▸ Exercise
Skipping all pictures, please restate word for word the lines from the one that contains "今日のきしめんは、筋肉をカレーで煮込んで、" through the last line of the entries.

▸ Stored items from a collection

----------------------------------------

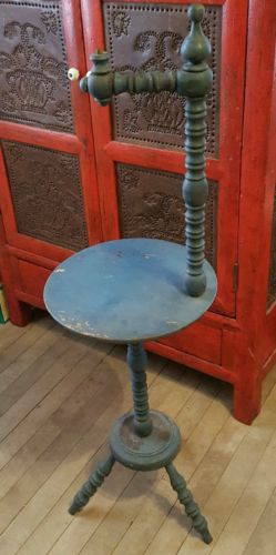 Title (ebay affiliate link): Antique turned wood table lamp wonderful old blue paint.
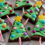 - Cut and Assemble Trees: Cut the cooled brownies in half, then slice each half into triangle shapes to resemble Christmas trees. Eat any offcuts. Insert candy cane sticks into the base of each brownie triangle to form the tree trunks.
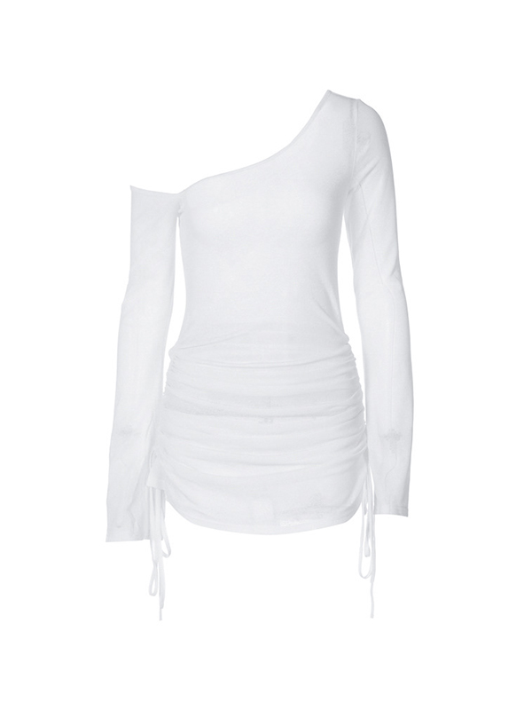 Durchsichtiges Minikleid mit gerüschter Schulterpartie und Kordelzug
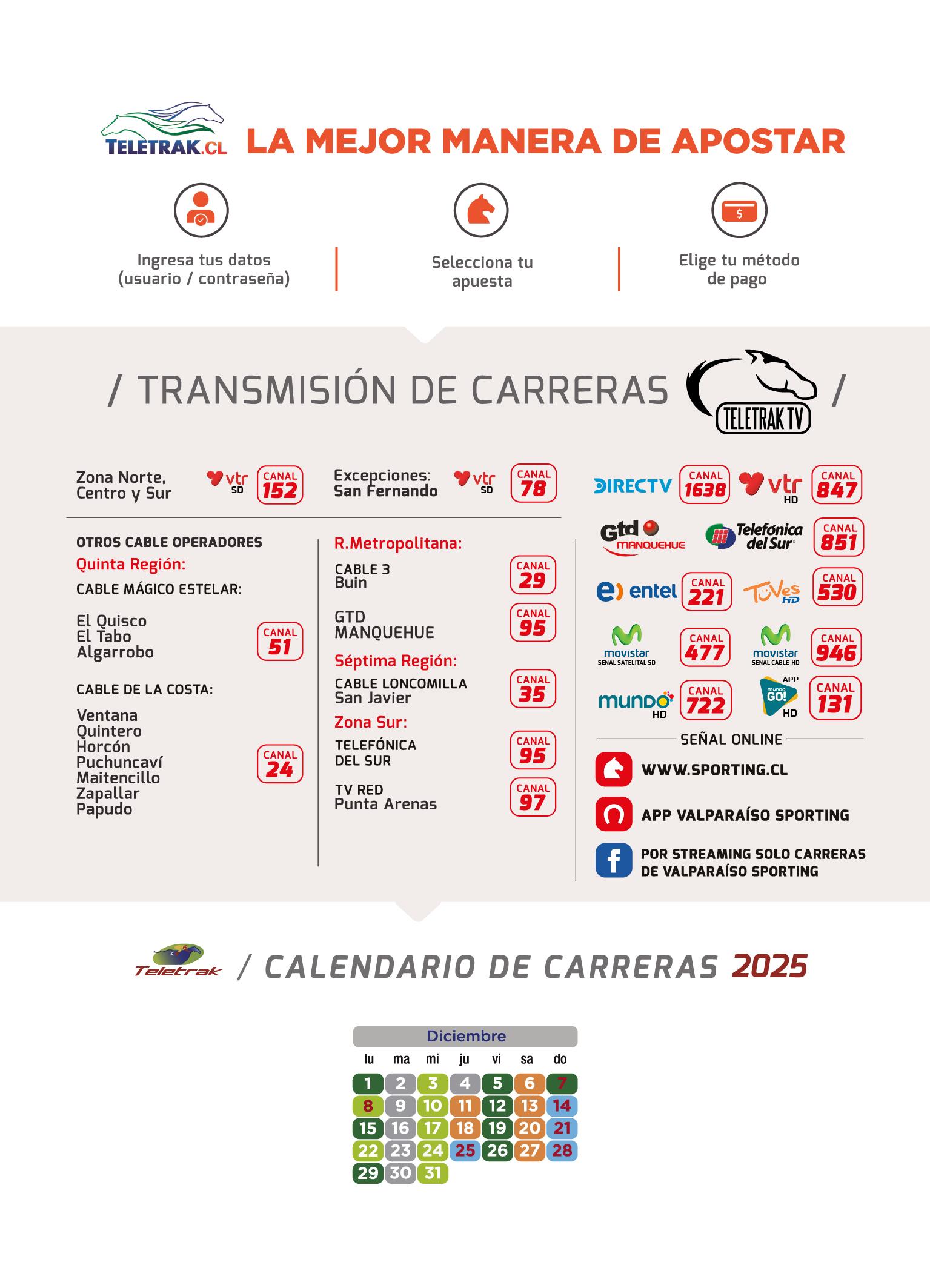 1.100 metros. Condicional. Serie B. Para Machos de 3 años perdedores y que no hayan figurado 2º y 3º en los últimos 15 días. No obstante, podrán inscribirse los que hayan figurado en los lugares 2º y 3º de esta Serie B. Peso 57 kilos. ARENA.
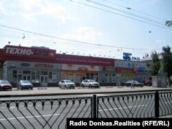 Бывший продуктовый магазин «Риск». В мирное время возле него стояли столы с зонтиками – там было кафе, где отдыхали дончане.
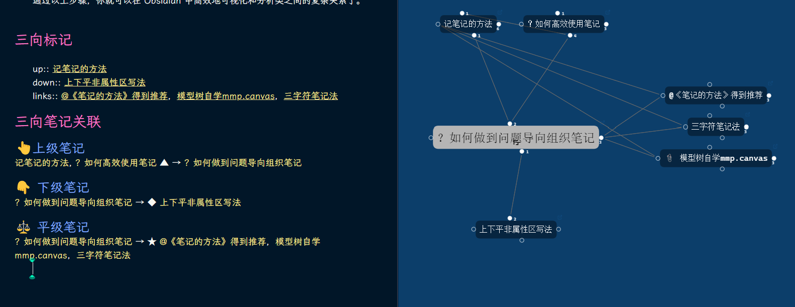 以上模板是dataviewjs代码,由两部分合并组成,一个部分显示本笔记中的标记关系,另一部分汇集其他笔记中标记的与本笔记的关系(反推汇集),最后合并在本笔记对应上、下、平关系中显示。
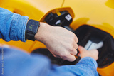 Man Charging Electric Vehicle With Cable Looking At App On Smart Watch
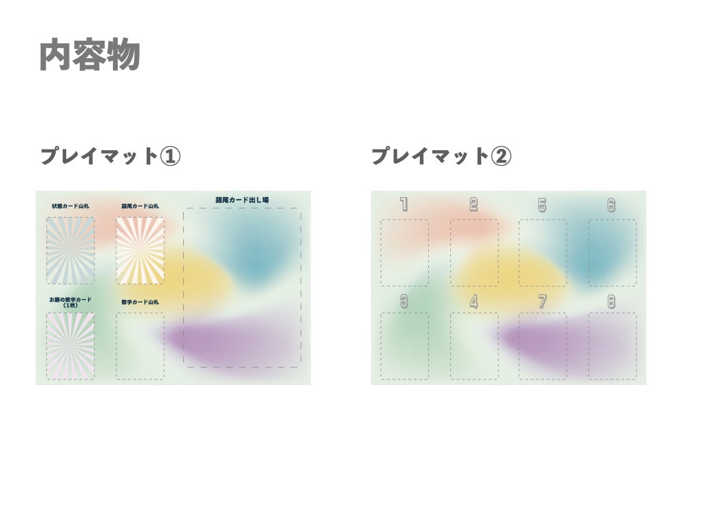 語尾カード:語尾と効果が書かれたカード。効果を使用することでゲームを有利に進めることができます。
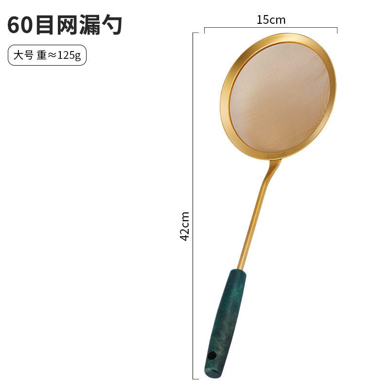 새로운 스테인레스 스틸 라인 누출 304 가벼운 고급 다크 그린 금도금 냄비 대형 소쿠리 주방 용품 스트레이너 오일 스푼
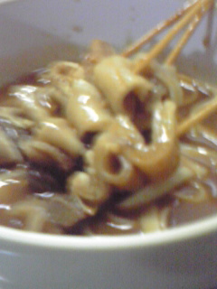 今日のきしめんは、筋肉をカレーで煮込んで、
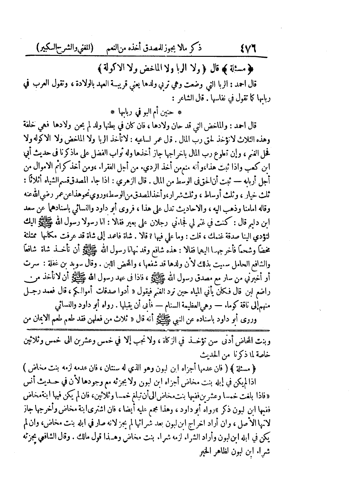 * (مسألة) * (فإن عدمها أجزاه ابن لبون وهو الذي له سنتان، فإن عدمه لزمه بنت مخاض) إذا لم يكن في إبله بنت مخاض أجزأه ابن لبون ولا يجزئه مع وجودها لأن في حديث أنس " فإذا بلغت خمسا وعشرين ففيها بنت مخاض إلى أن تبلغ خمساً وثلاثين، فإن لم يكن فيها ابنة مخاض ففيها ابن لبون ذكر " رواه أبو داود، وهذا مجمع عليه أيضاً، فإن اشترى ابنه مخاض وأخرجها جاز لانها الأصل، وان أراد اخراج ابن لبون بعد شرائها لم يجز لأنه صار في إبله بنت مخاض، وإن لم يكن في إبله ابن لبون وأراد الشراء لزمه شراء بنت مخاض وهذا قول مالك.
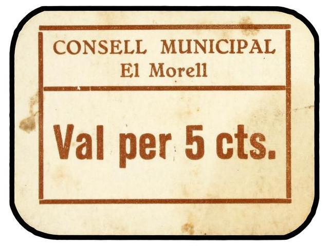 PAPER MONEY OF THE CIVIL WAR: CATALUNYA - 5 Cèntims. S/F. C.M. d´EL MORELL. Cartón. (Manchitas). MUY ESCASO. AT-1627; T-1873. EBC-.

----------------------------------------

▸ Your solution
 今日のきしめんは、筋肉をカレーで煮込んで、
 * (مسألة) * (فإن عدمها أجزاه ابن لبون وهو الذي له سنتان، فإن عدمه لزمه بنت مخاض) إذا لم يكن في إبله بنت مخاض أجزأه ابن لبون ولا يجزئه مع وجودها لأن في حديث أنس " فإذا بلغت خمسا وعشرين ففيها بنت مخاض إلى أن تبلغ خمساً وثلاثين، فإن لم يكن فيها ابنة مخاض ففيها ابن لبون ذكر " رواه أبو داود، وهذا مجمع عليه أيضاً، فإن اشترى ابنه مخاض وأخرجها جاز لانها الأصل، وان أراد اخراج ابن لبون بعد شرائها لم يجز لأنه صار في إبله بنت مخاض، وإن لم يكن في إبله ابن لبون وأراد الشراء لزمه شراء بنت مخاض وهذا قول مالك.
 PAPER MONEY OF THE CIVIL WAR: CATALUNYA - 5 Cèntims. S/F. C.M. d´EL MORELL. Cartón. (Manchitas). MUY ESCASO. AT-1627; T-1873. EBC-.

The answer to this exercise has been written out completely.